Anyway, at breakfast this morning I was reading duChemin and came across this:

“I wish I could previsualize my photographs, but I can’t and never have been able to. I read about people like Ansel Adams talking about visualizing the image and between you and me, and depending on my mood, I either think he was full of crap or I am the one photographer in the world who doesn’t’ have a clue what he’s talking about. Either way, it’s depressing. I don’t previsualize a scene. I feel it. And it’s from that feeling that I begin working with the elements in front of me and the choices available to me, and I move them around, try them on, discard them, and try something else until I see something in my frame that feels the way I feel… If you’d ask me to describe it before I put the camera to my eye, I’d use emotional words, or at best be able to talk in terms of sketch images and possibilities.

“Sketch images are the crap, the doss, the author’s lousy first draft. I make them unashamedly, knowing that no one will ever see them, and I make as many of them as I have to. Why? Because I don’t see the same way the camera does. I see in three dimensions; the camera flattens that to two. I see with peripheral vision and almost limitless focus; the camera allows me to frame out much of the world and focus only on what I want to. I see light in a way the camera doesn’t. So I put the camera to my face and ask it to show me how it sees what I am looking at, and I make frame after frame until the camera—with all its constraints--helps me see the world the way I am feeling it. Maybe that’s just me. It’s rare—very rare—that I see something, raise the camera, make one frame and call it a day, returning home satisfied with my work.

“Art is work… It’s called art work, not art screwing around.”

Am I Becoming a 'Flower' Photographer?

If so I’ll be on my knees tonight pleading for mercy. Okay, I jest. Oh, don’t tell me that God doesn’t have a sense of humor. Just take a look around at all your best friends and try to say that again with a straight face.

But mostly I will need to be asking forgiveness from a lot of friends.

I marvel, for the mumpteenth-dozen time, at what in a photograph resonates or why a photograph resonates. It’s a very baffling. It’s like art, you just know it when you see it. The unfortunate is that is it as difficult to repeat, for me anyway, as it is to achieve.

I seem to be going off in all directions at once and can’t seem to stay on any one path. Recently, for a while I was into freaky toys, then I shifted to birds and the beach. And now Alcy is bringing flowers to the studio on her next off day, so yesterday I picked up an eighteen inch section of red painted bamboo from a Goodwill store for a couple of bucks. I wanted to use it as a temporary container for the flower photographs. Also picked up a couple of papers from Artarama that I thought might work as background.
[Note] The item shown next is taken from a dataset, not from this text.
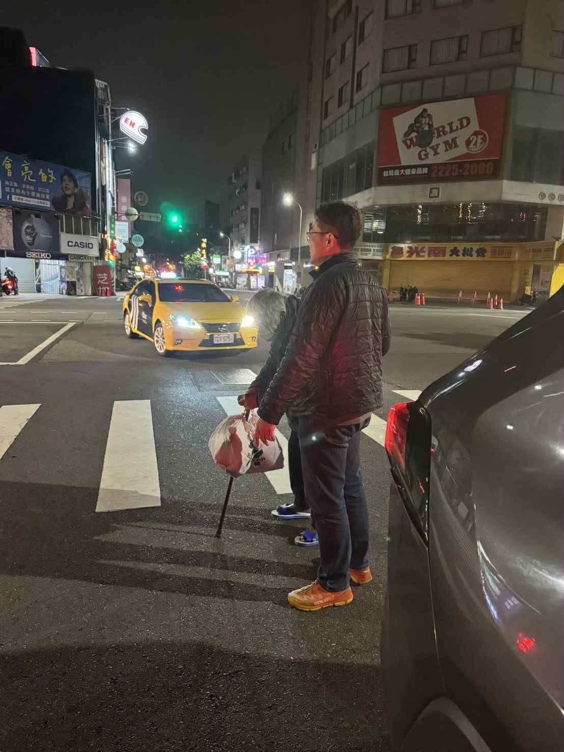 當時路口車流雖不若白日繁忙,仍有來車呼嘯而過,老翁拄著拐杖,拐杖上還掛著兩袋沉重物品,顯得進退維谷。多名路人與駕駛目睹此景,卻因深夜寒冷或一時不知如何協助,只能在旁觀望。正巧行經該路口的烏日分局偵查隊隊長林宏霖,憑藉多年刑警的敏銳觀察,第一時間察覺老翁處境危急,隨即將車輛停靠路邊,快步上前關懷協助。目擊民眾表示,林隊長未有絲毫官威,而是以輕聲細語安撫老翁情緒,穩穩攙扶其穿越馬路,將人安全帶至路旁。
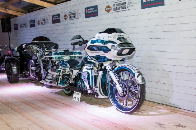 В данном проекте очень много ручной работы специалистов ателье GraphCustom, в частности стеклопластиковый обвес полностью был создан в этой мастерской. Некоторые пластиковые элементы создавались с чистого листа и не имеют аналогов даже за границей, например, расширенный и увеличенный средний чемодан, в который установлен сабвуфер. Спойлер на чемодане также уникальный, созданный по фантазиям Сергея и имеющий вид реактивных двигателей космического корабля. Переднее крыло спроектировано лично Анатолием Graph и имеет оригинальную форму, закрывающую больше половины диаметра колеса так, что без хитрости его не установишь.. Единственный в своем роде передний фейринг спроектирован и создан из единого куска углепластика. Добавлена характерная хмурая бровь, под которой размещена диодная оптика новейшего поколения Harley Davidson RoadGlide oem.

To test it out, I stopped at a couple of places to check out flowers but didn’t find anything that I thought would work with the bamboo so I settled for a silk flower that Alcy had left at the studio.

I know it actually doesn’t ‘work’ photographically because it is an artificial flower, Captain Kangroo no no for an acceptable ‘photograph’,  and the fact that the focus is on the background paper rather than the blossom—that part is bad. But I really like the design, the ambiance, the feel of the image. I might say that it strikes an aesthetic cord that feels good--resonates. Like a lot of the stuff I do it is an ‘image’—not inclined to call it a photograph because it is not the photographic quality that resonates—it is the graphic that I enjoy. Okay, it looks like wallpaper but what is wrong with wallpaper. Who is to say that a wallpaper designer—they are designed you know—is not as much of an artist as a painter or sculptor? Sure needs stronger staying power when you hang it all over your dining room.

The question is, can I repeat it later with a real flower? Probably not but I think that I am going to try.

Thursday, May 21, 2015


I have got so much that I desperately need to do but I am not in a photographing mood--I am in a writing mood and that is always dangerous.

I know people tire of me writing about Ralph Hattersley but Ralph played a very big roll in my development as a photographer. I never met Ralph. I only know of him through his writings and when I share those writings with other photographers they are generally unimpressed or at worse repulsed. It seems at times that Ralph wrote what he did just me. His writings may be the only topic where Janet and I strongly disagreed photographically; well that and the overexposed photograph at the CAM of the woman on the beach.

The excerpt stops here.